2. What personal data we collect, how, and why we collect it.
This website is free to use. browse and interact with, without the need to collect any personal data.
Personal data means any information about an individual which can be used to identify that individual and does not include data where identifying information has not been collected.
Anonymous data for us, usually relates to analytical data used for performance monitoring and statistical purposes, such as bulk traffic data where no individual IP addresses (or other identifying data) is present.
2a. The data we collect about you.
We may collect, use, store and otherwise process personal data about an individual for specific reasons only. The data we collect will fall into one of the following categories. A data type listed here does not mean we will collect such data, only that we may if there is a specific requirement.
- Identity data: Includes first and last names, maiden names, usernames or other chosen identifiers, title, marital status, date of birth and gender.
- Contact data: Includes billing and delivery addresses, email address, telephone numbers, and social media or other messaging app names.
- Financial and transaction data: Includes bank and payment card details, payment data relating to any products or services purchased from us and accounting data for any payments made from the company for any specific reason.
- Technical data: Includes Internet protocol (IP) address, login details where applicable, browser type and version, timezone and location, operating system or device types and other technical data relating to how you may be accessing our websites.
- Profile data: Includes your username and password for any of our websites that allow you to create a user account, purchase details and history, user preferences and interests.
- Marketing and Communications data: Includes your preferences on how and when you would like to receive marketing or other non individual communications from the company or our websites, as well as your preferences regarding the passing of your contact details to selected third parties.
- Regarding special category data: We have no requirement to collect any data regarded as special category data under GDPR from our casual website users. (This includes information regarding your race, ethnic origin, political views, religion, trade union memberships, genetics, biometric data, health, sex life or sexual orientation). We also do not collect data relating to criminal convictions or offences. In general, we also do not collect data from and regarding people under the age of 18.
When directly contacting us with regards to working with us, we may ask for some special category data such as sexual orientation. This is required for the purposes of evaluating your request, is treated in the strictest confidence, and removed from our systems as soon as no longer needed. If a working relationship with you is established, your data will then be processed under our main company Data Protection Policy instead of this policy which covers website users only.
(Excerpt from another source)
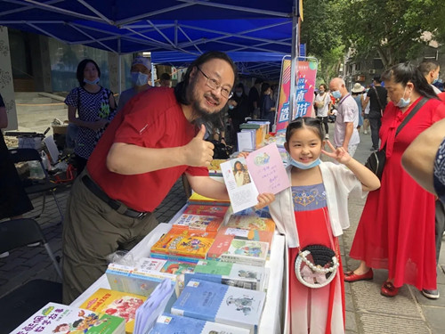 長(zhǎng)少社的首場(chǎng)“練攤”恰逢端午節(jié)當(dāng)天,特別邀請(qǐng)到著名作家“大胡子叔叔”董宏猷,為我社精品圖書(shū)現(xiàn)場(chǎng)帶貨。董老師的到來(lái),帶動(dòng)了全場(chǎng)氣氛,引得讀者紛紛在我社攤位前駐足,挑選心儀的圖書(shū)。

We will never collect personal details of children under the age of 13 for any reason and request you contact us in writing, using the contact details at the top of this policy, if you suspect such data has been collected in error so we can remove it from our systems.
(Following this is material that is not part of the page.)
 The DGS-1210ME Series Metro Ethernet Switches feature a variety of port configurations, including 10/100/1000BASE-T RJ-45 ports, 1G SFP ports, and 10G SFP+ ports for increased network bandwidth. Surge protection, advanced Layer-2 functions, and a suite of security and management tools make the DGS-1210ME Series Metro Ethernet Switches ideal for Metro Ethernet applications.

2b. How and why your personal data is collected.
We may obtain your data through different methods and process your data for different reasons. Normally the method through which your data is collected relates to how your data will be used. As above, a collection method listed here does not mean we will use such a method, only that we may if it is necessary for the operation of a website or service.
Interacting with our websites:
Our websites which allow commenting may also use a service called Gravatar which is a global Avatar service operated by Automattic. An anonymised string created from your email address (also called a hash) may be provided to the Gravatar service to see if you are a member the service. After approval of your comment, your Gravatar profile picture is visible to the public in the context of your comment.
Our sites may also carry embedded comment systems from social media websites including Facebook and Twitter. You are advised to check the privacy policies of any external website as we have no control over their content.
Why we collect this data: To ensure our websites operate and maintain working comment systems that enhance the user experience whilst protecting against malicious use.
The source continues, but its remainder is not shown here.